• **Assignment**: Every record must appear in your copy exactly as written, with no pictures.

----

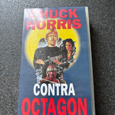 Chuck Norris Contra Octagon VHS film med en spilletid på 100 minutter. Filmen er en actionfilm hvor Chuck Norris spiller Scott James, der leder en gruppe soldater i en mission mod en terrororganisation. VHS-kassette med original emballage og garanti mærkat fra Timex Video A/S.
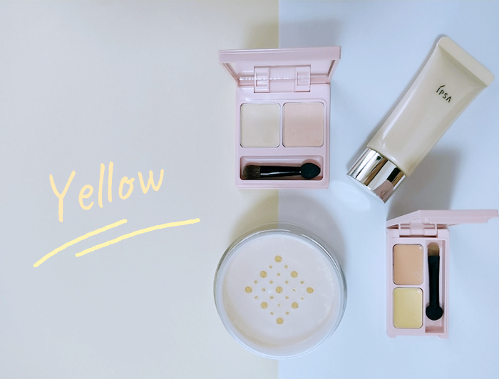 イエローには、赤み補正や色素沈着•茶ぐすみなどの補正、生き生きとしたヘルシー肌にみせてくれる、白味を含んだイエローならトーンアップなど、補正カラーとしてとても万能なカラーです。
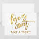 Sinal de Buffet de Doces "O Amor é Doce" com Letra de Pincel (Folha Dourada Falsa): Decore a mesa de buffet de doces de casamento com este sinal de letra de pincel moderna. Está configurado com um efeito de folha dourada falsa.
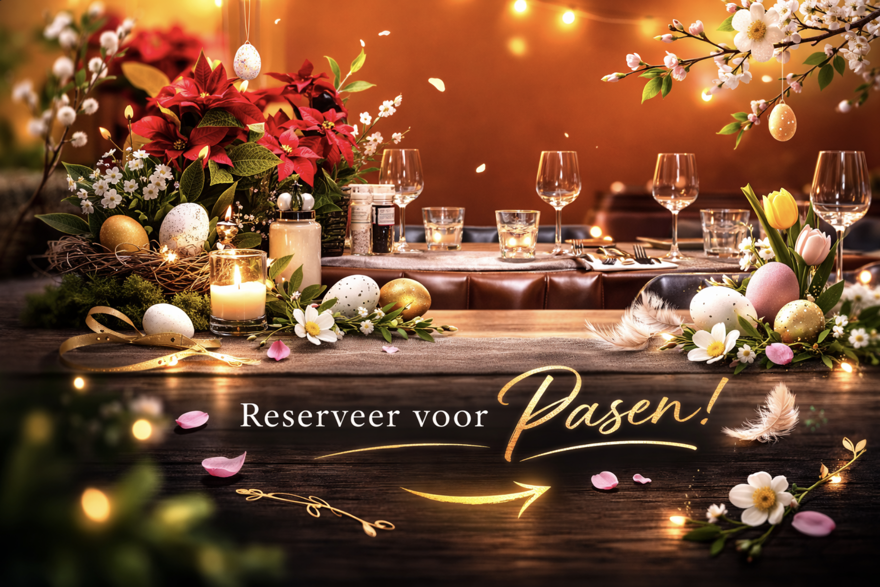 Op 5 en 6 april verwelkomen wij je graag in onze brasserie voor een sfeervolle paasbeleving. Geniet van gezellig tafelen in een warme, feestelijke setting β perfect om samen te komen met familie of vrienden.
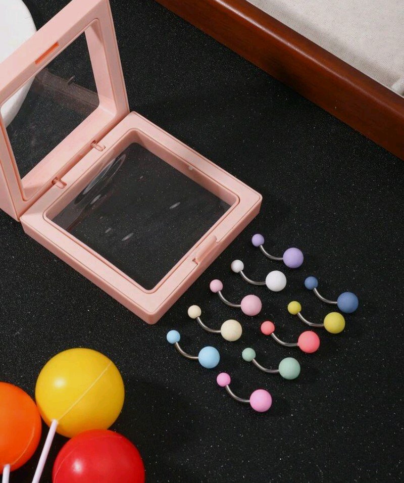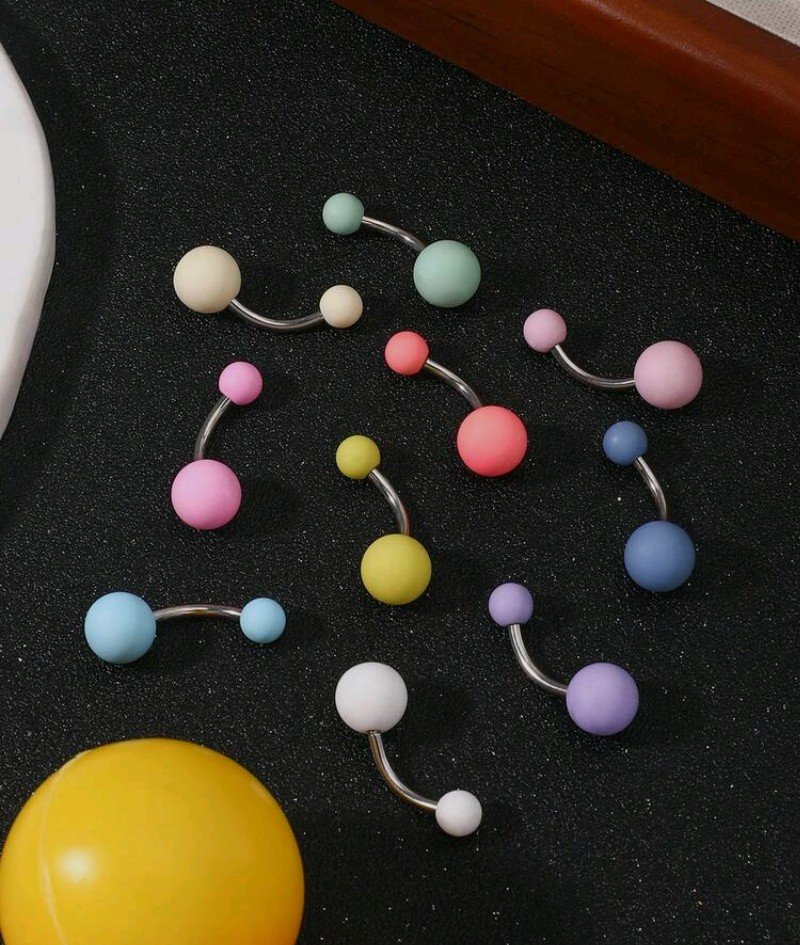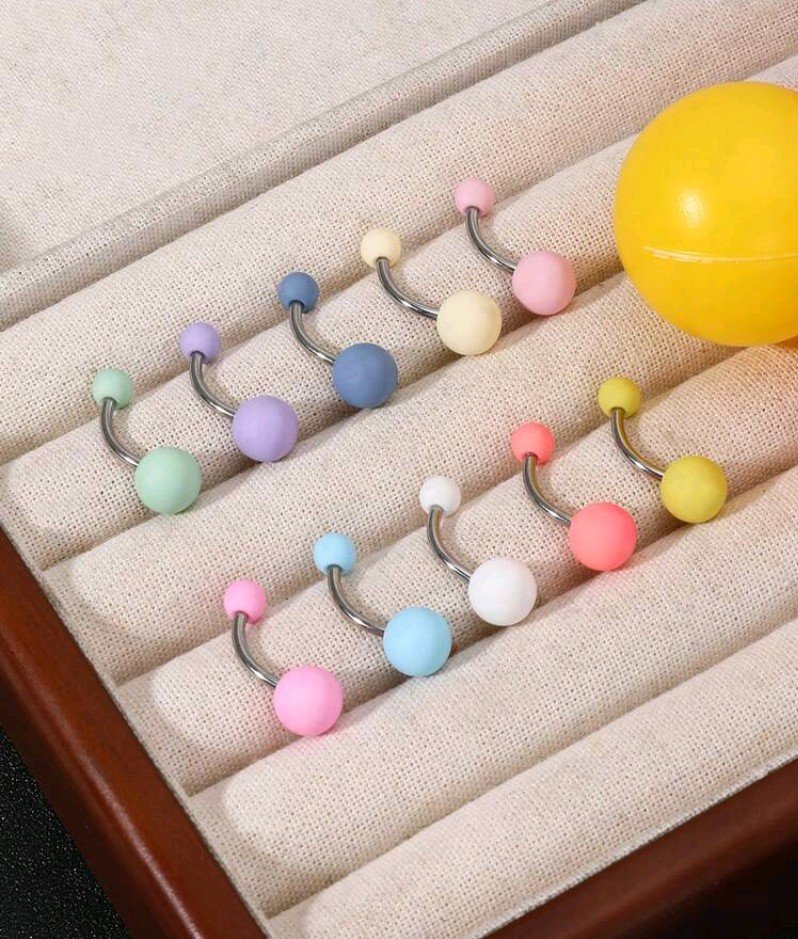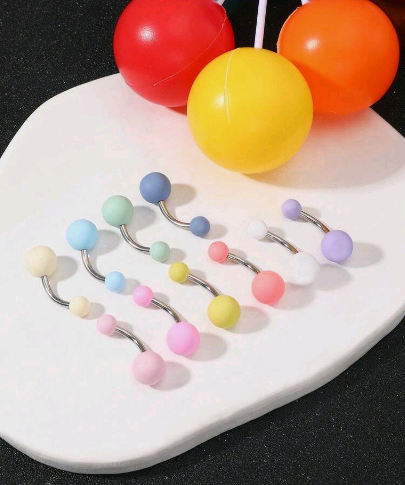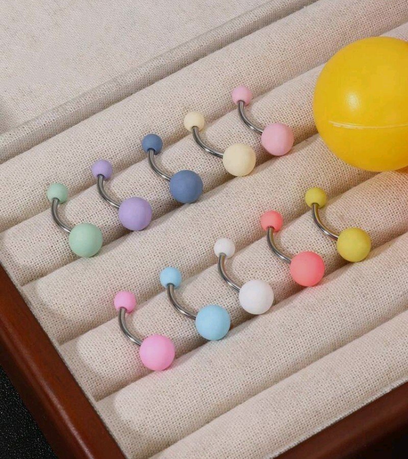 خاتم السرة الموديل البارذل من الأكريليك والفولاذ المقاوم للصدأ متعدد الألوان ( 10 ألوان)، مناسب للنساء لارتدائه في الحياة اليومية، الزفاف، عيد الأم، إلخ. له تصميم فريد ونسيج ناعم وخالي من الحساسية

----

• **Result below**:
 Chuck Norris Contra Octagon VHS film med en spilletid på 100 minutter. Filmen er en actionfilm hvor Chuck Norris spiller Scott James, der leder en gruppe soldater i en mission mod en terrororganisation. VHS-kassette med original emballage og garanti mærkat fra Timex Video A/S.
 イエローには、赤み補正や色素沈着•茶ぐすみなどの補正、生き生きとしたヘルシー肌にみせてくれる、白味を含んだイエローならトーンアップなど、補正カラーとしてとても万能なカラーです。
 Sinal de Buffet de Doces "O Amor é Doce" com Letra de Pincel (Folha Dourada Falsa): Decore a mesa de buffet de doces de casamento com este sinal de letra de pincel moderna. Está configurado com um efeito de folha dourada falsa.
 Op 5 en 6 april verwelkomen wij je graag in onze brasserie voor een sfeervolle paasbeleving. Geniet van gezellig tafelen in een warme, feestelijke setting β perfect om samen te komen met familie of vrienden.
 خاتم السرة الموديل البارذل من الأكريليك والفولاذ المقاوم للصدأ متعدد الألوان ( 10 ألوان)، مناسب للنساء لارتدائه في الحياة اليومية، الزفاف، عيد الأم، إلخ. له تصميم فريد ونسيج ناعم وخالي من الحساسية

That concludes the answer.